Introducing A Roadside Land Ethic — It's Common Sense

J. Baird Callicot, University of Northern Texas, and Gary K. Lore

"A thing is right if it tends to preserve the beauty, integrity, and stability of the biotic community; it is wrong when it tends otherwise. "
Aldo Leopold "The Land Ethic" A Sand County Almanac.

When Aldo Leopold formulated his now famous land ethic half a century ago, few people realized the utility, beauty, and intrinsic value of roadsides. Economics controlled the use and management of roadsides with little attention to the roadside environment. The time has come for us to recognize that the land ethic applies to our roadsides no less than to our wilderness areas.

Sitting on the mower or on the Department of Transportation budget committee, operating as a design engineer, a snow plow driver or landscape architect, we make decisions that affect our roadsides virtually every day. We usually base these decisions on cost, ease of operation, and safety to the highway user — all highly practical and common sense concerns. Yet, we rarely carefully consider how the consequences of our decisions impact the roadside environment.

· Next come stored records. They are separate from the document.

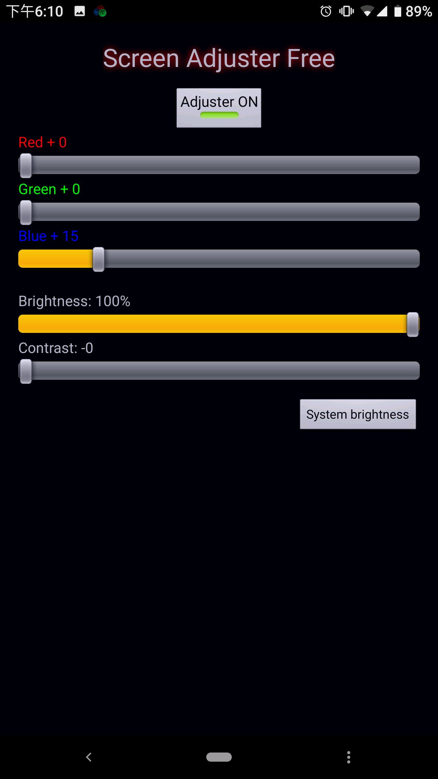 屏幕黄的朋友福音来了,哈哈。一直觉得雷蛇2的屏幕黄,今天百度了一下,下载此软件。安装,会提示软件版本低,不用理会。点上上边按钮adjuster off 点开是on 增加蓝色就行,怎么好看自己调。还有就是下拉菜单的提示关闭不要点,点了效果就关闭了。请叫我雷锋哈
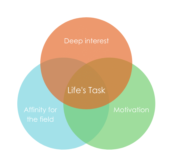 Getting good at anything is obviously not easy, it takes a vast amount of work and effort. So, the first step on the journey to mastery is in finding one's life's task — a vocation or pursuit that resonates deeply with an individual's inner passions. There is something for all of us to focus on and achieve mastery, a task to devote your life to. Greene states that one would “recognize it when you find it because it will spark that childlike sense of wonder and excitement; it will feel right”. Not choosing it could lead to the “false path”, which is one that does not align with your “deepest inclinations” and ultimately lead to regret.
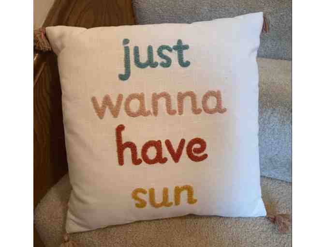 So, so fun, this “Just wanna have sun” toss pillow measures 16 in. x 16 in. the shell is 100% cotton, the filling 100% Polyester. Let the summer begin!!
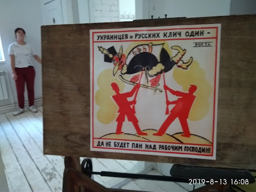 Музей, судя по сцене и скамейкам на улице, проводит культурные мероприятия. В палисаднике огромные головы Маяковского и Ленина, а также еще несколько интересных объектов типа графити на заборе и зеркально висячей инсталяции
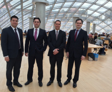 EM CHICAGO - Na viagem, Ratinho Junior e Guto Silva também firmaram convênio com a Universidade de Chicago, em Illinois. Lá, os dois paranaenses participaram de um seminário sobre eficiência na gestão pública. Ambos foram palestrantes e debateram com alunos da graduação, especialização, mestrado e doutorado daquela Universidade as políticas públicas. Ambos entendem que esta troca de experiência internacional possibilita o fomento de novos projetos bilaterais, desenvolvendo a gestão das políticas urbanas nas obras desenvolvidas pela SEDU.
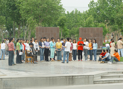 在河南大学,记者们无时无刻不在感受着河大浓厚的校园文化氛围,在特殊时期,河南大学广大团员青年良好的精神面貌赢得了他们的交口称赞。在文学院,由院团总支和校演讲学会联合组织的“众志成城,共抗非典”演讲朗诵会激情飞扬气势澎湃;艺术学院的学生不仅排唱了《我们众志成城》等歌曲,还在艺术广场举办了露天画展,作曲系的同学们还创作演出了抗击 “非典”歌曲《白衣天使》,这都给记者们留下了深刻的印象。
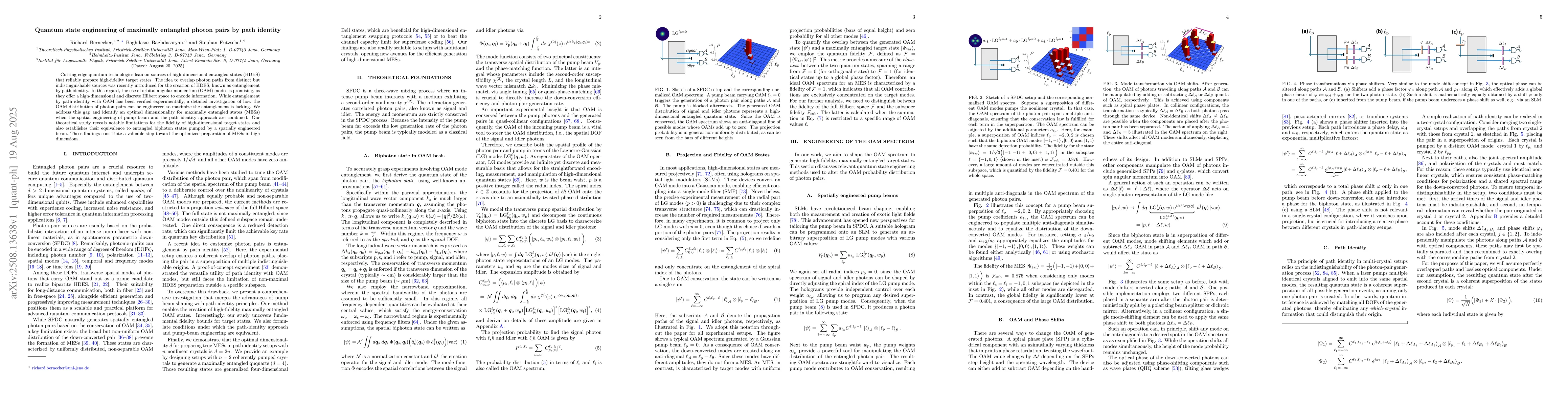 The paper presents a detailed theoretical study on engineering high-dimensional maximally entangled states using path identity with OAM modes, identifying optimal conditions and limitations for fidelity.
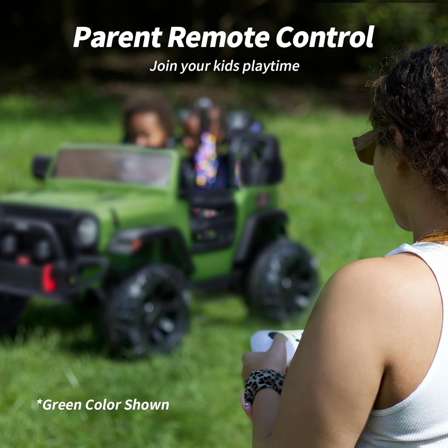 - POWERFUL PERFORMANCE: This 24V big kids ride-on car with remote features strong 4x200W motors. The switchable 2WD/4WD mode ensures it's perfect for any terrain, providing a thrilling and fun riding experience.
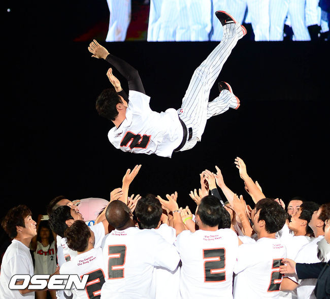 23일 오후 부산 사직구장에서 열린 '2014 한국야쿠르트 세븐 프로야구' 롯데 자이언츠와 LG 트윈스의 경기 종료후 조성환이 은퇴식에서 헹가래를 받고 있다.
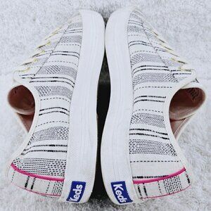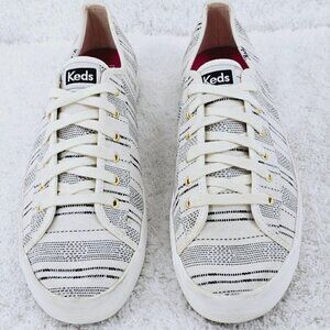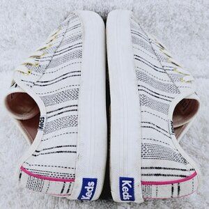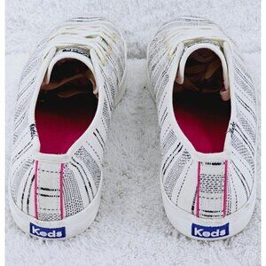 Stylish Keds sneakers with a white base and black stripes. Comfortable and trendy design.
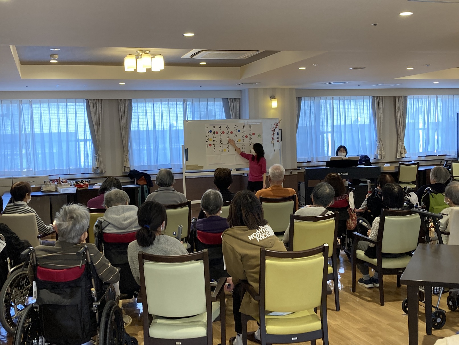 毎月第4木曜日に開催している「ボイストレーニング」 今回も沢山のご入居者様が参加されました(^^)/ 呼吸筋をしっかり使...
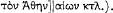 34 The awkwardness seems to centre on the word ποεῖν, which cannot be made intelligible in its context. If it is taken as an error, there are still difficulties as to how the clause runs. It could be that the clause runs on to this point and that Pittakys's conceals a (second) reference to someone speaking. Otherwise a new clause could have begun. It seems fairly profitless to speculate on the point, though it would seem to be the case that lines 3 and (most of) 4 are taken up with some kind of motivation clause(s).

Economics can not — and ought not — be the sole determinate of how we treat our roadsides. We must carefully measure not only the present value of any management practice, but also its future economic and environmental costs. All too often we tend to over-value the present and under-value the future, or ignore it altogether. We should seek not economic expediency, but rather the right thing to do by taking a common sense look at the long-term economic and environmental consequences. We should recognize the function, beauty, and intrinsic value of our roadsides and thus our responsibility to properly maintain and care for them. Only by carefully planning our roadside activities with an understanding of roadside ecology can we make the right decisions.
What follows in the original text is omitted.